_EXERCISE INSTRUCTIONS:_
Could you restate word for word only the lines below from the one holding "Milton Cunha mostra" to the one holding "Саморез используется для", inclusive, and leave out the pictures?

Items from a dataset:

_ _ _

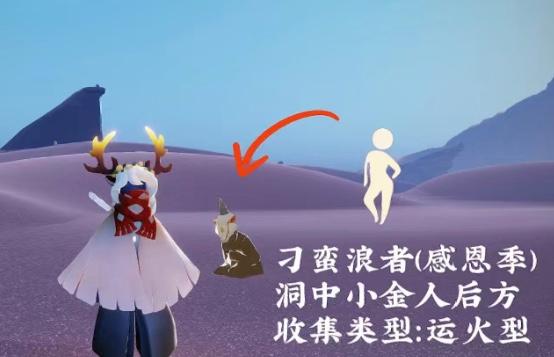 1、感恩季先祖共六位,分别在六个地图中,感恩季的刁蛮浪者先祖,位置在晨岛小金人山洞的后面,动作是单手叉腰站姿,可以跟这位先祖兑换黄鼠狼面具,收集方式是运火。
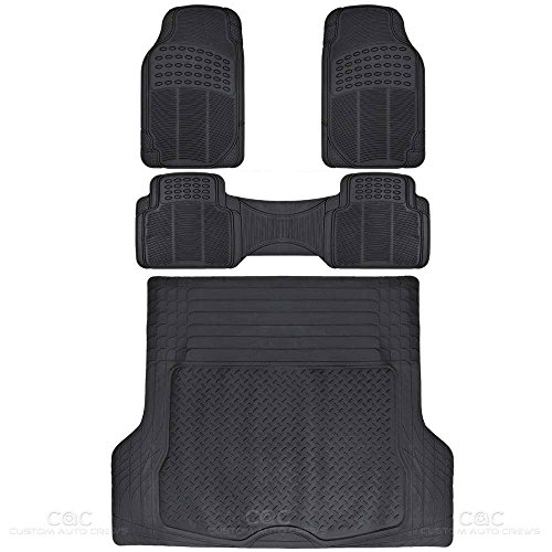 BDK MT35 Proliner Weather Rubber Auto Floor Mats and Cargo Liner-Heavy Duty 4Pc Set Fit for Car SUV Van & Truck (Black)
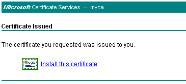 Once the CA server completes processing the request, the Certificate Issued window appears.
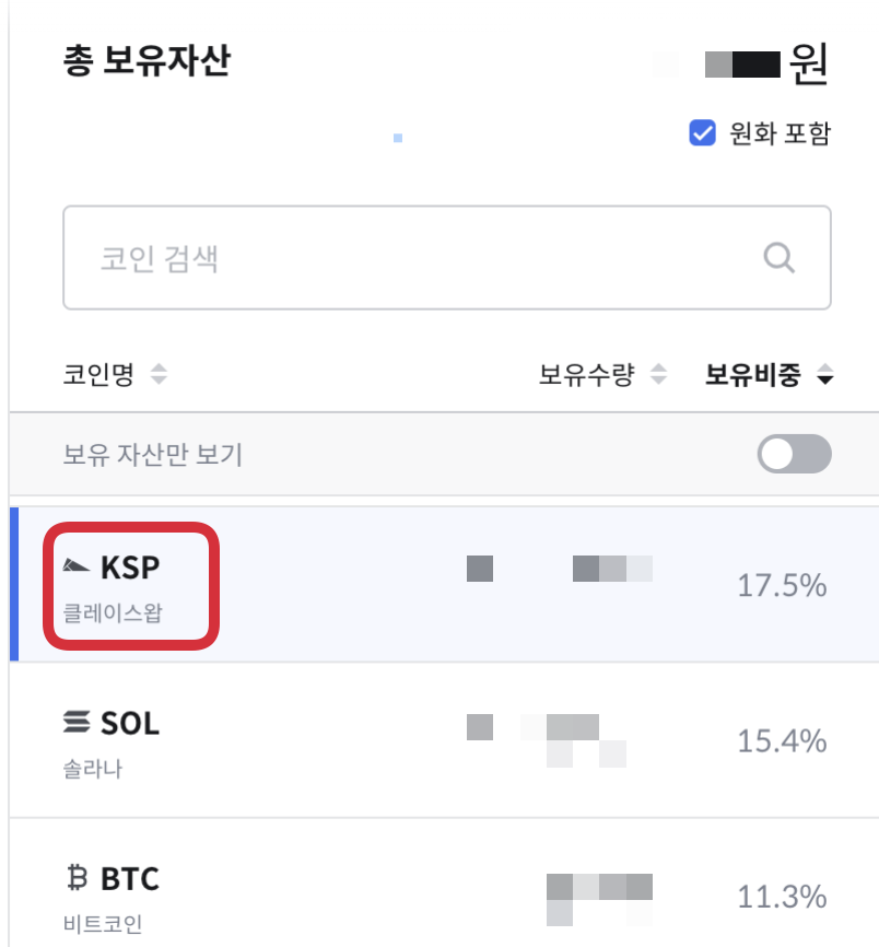 이렇게 ksp를 잘 보냈다면 클레이스왑 홈페이지에 Asset에서 입금된 것을 확인할 수 있습니다.
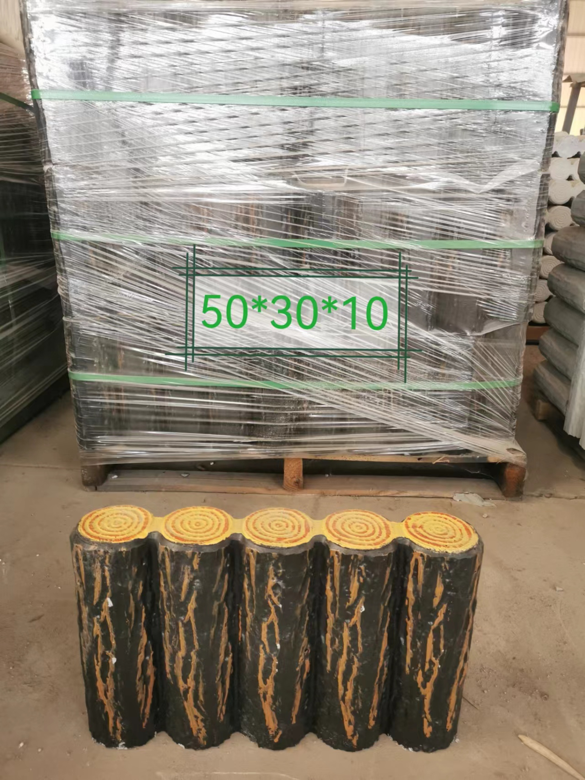 在灌混凝土之前,需要把鋼筋插入到模具孔中,然后再把混凝土倒入仿木樹樁石模具中、靜置等干脫模圖片如下:
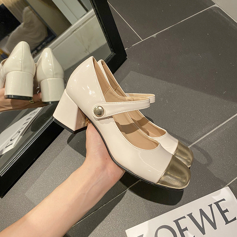 Fashion Element: Shallow Mouth. Thick Heel. Color Matching. Belt Buckle
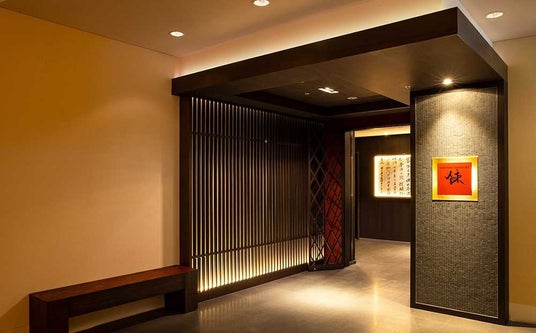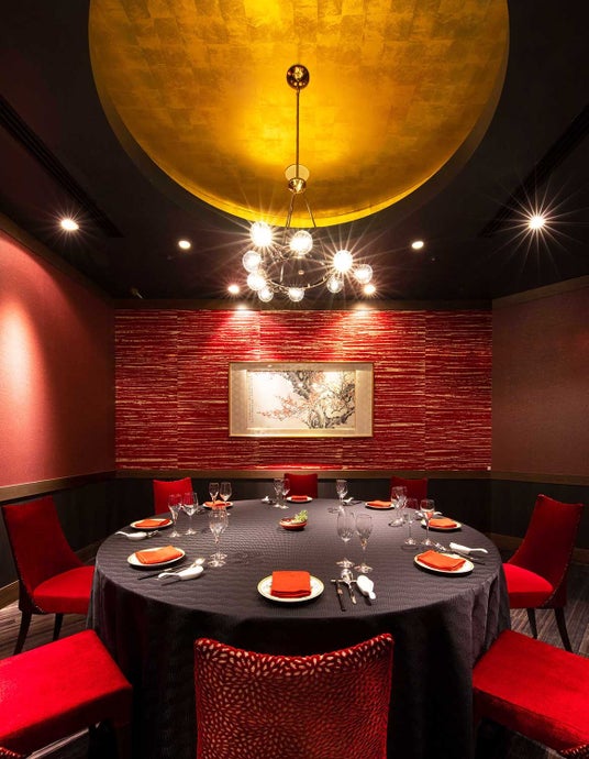 個室「四川」(金箔を押した天井から下がるモダンなシャンデリアに照らされ、落ち着いた赤色に包まれるシックな空間)
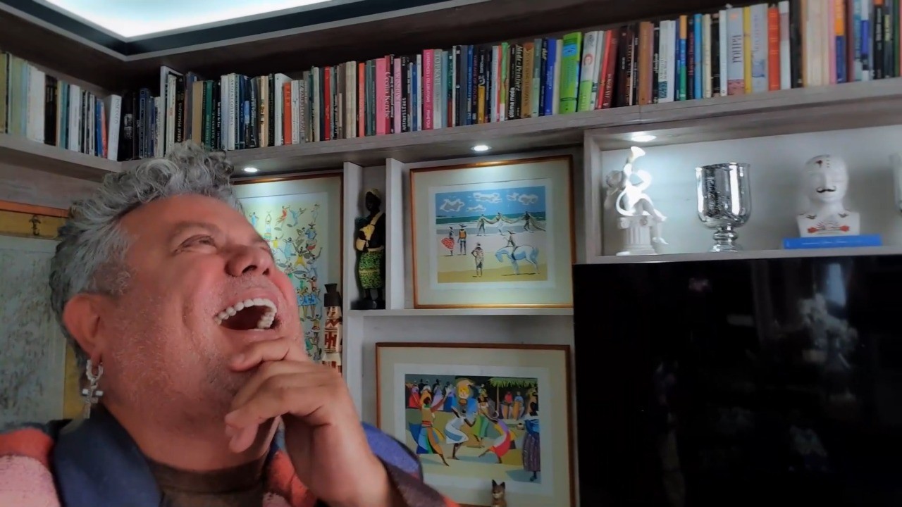 Milton Cunha mostra estante de livros — Foto: Reprodução
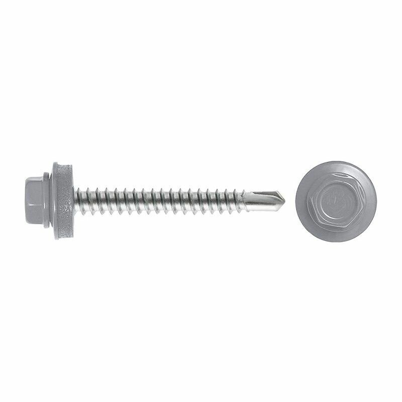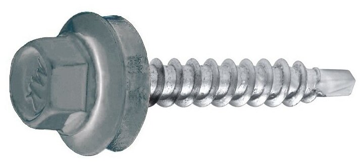Саморез используется для крепления кровельных материалов к металлическим и деревянным каркасам. Имеет окрашенную шестигранную головку с шайбой и резиновой прокладкой EPDM, наконечник - сверло.
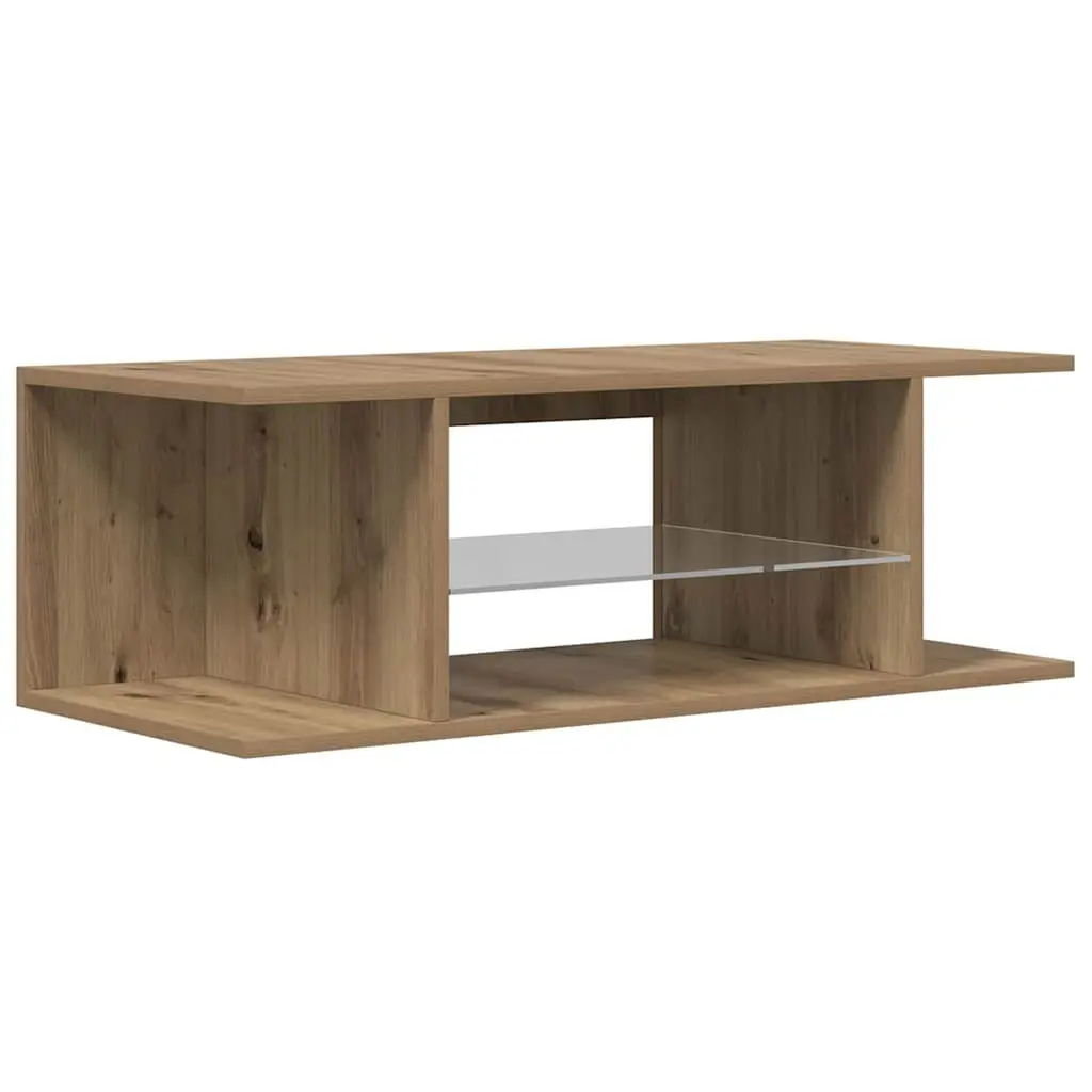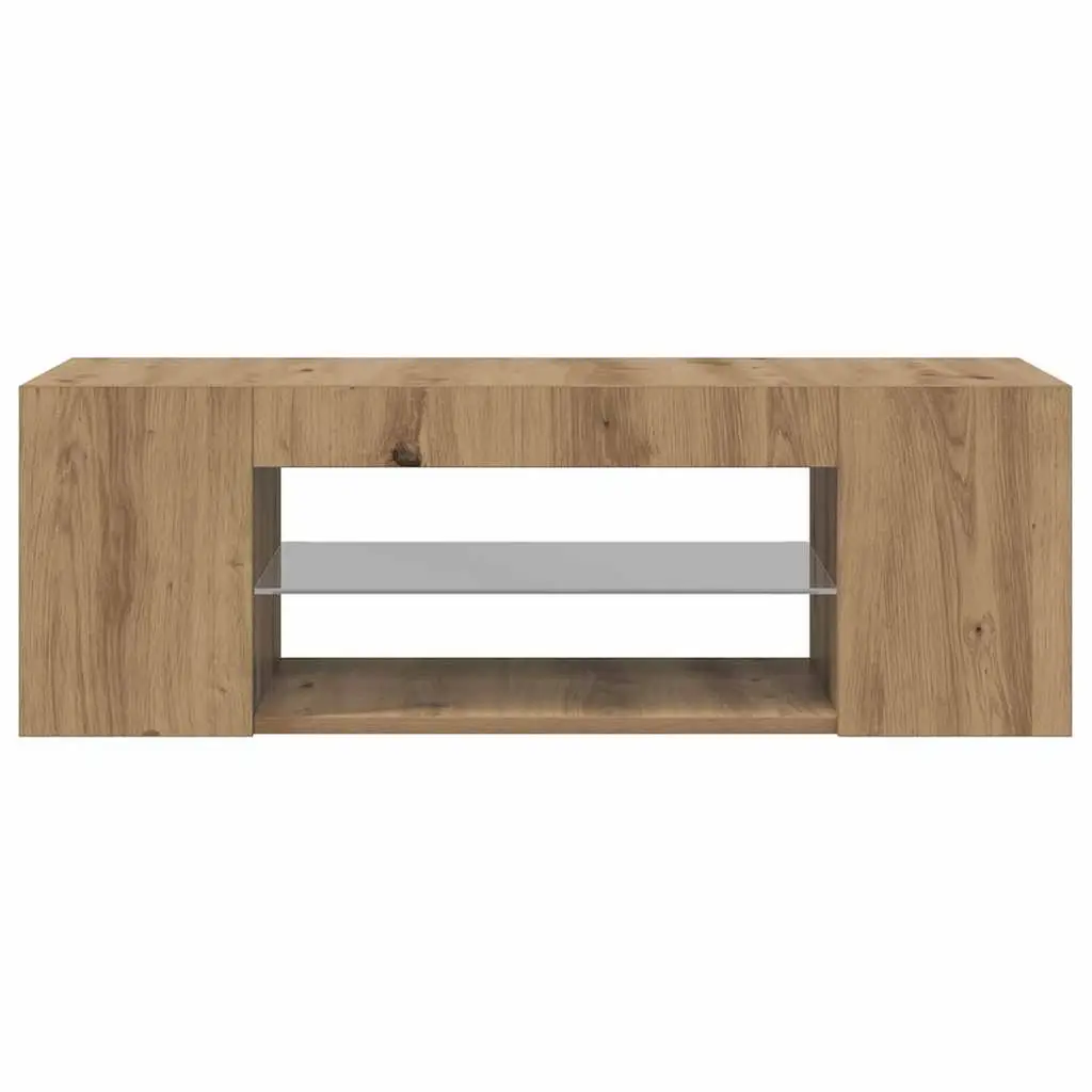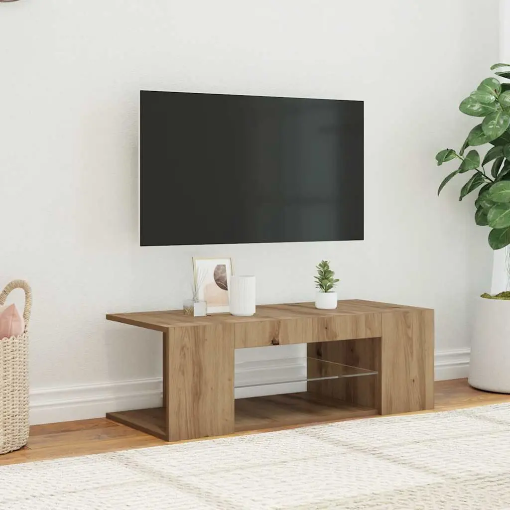 This Modern TV Cabinet jazzes up spaces with its slick design and gorgeous artisan oak finish, making it a classy addition to any living room. Measuring 35.4 in long, 15.4 in wide, and 11.8 in high, this cabinet not only provides loads of room for your media devices but also boosts the room's vibe with its built-in LED lights, perfect for showing off your favorite decor and creating a cozy evening atmosphere. Ample Storage: The cabinet has two floating shelves and loads of surface area, giving you plenty of storage for your TV accessories, gaming consoles, and decor. The smart design helps keep your living room neat and stylish. Integrated LED Lighting: Fitted with multicolored LED strip lights, the cabinet creates a stunning visual. The remote lets you easily switch things up, ensuring an immersive experience while you're watching films or gaming. Stylish Brown Finish: The lovely artisan oak color adds warmth and charm to any modern decor. Its smooth matte finish not only looks fab but also makes cleaning easy, keeping things low-maintenance. Multi-functional Use: Perfect for home, this cabinet shines in living rooms, bedrooms, or home theaters. Its adaptable design fits in with any style, becoming a chic focal point in your pad. Free-standing Structure: The cabinet has a strong free-standing structure for easy placing and access. It’s steady on any flat surface, giving you confidence for your heavy devices.

_ _ _

_EXPECTED ANSWER:_
 Milton Cunha mostra estante de livros — Foto: Reprodução
Саморез используется для крепления кровельных материалов к металлическим и деревянным каркасам. Имеет окрашенную шестигранную головку с шайбой и резиновой прокладкой EPDM, наконечник - сверло.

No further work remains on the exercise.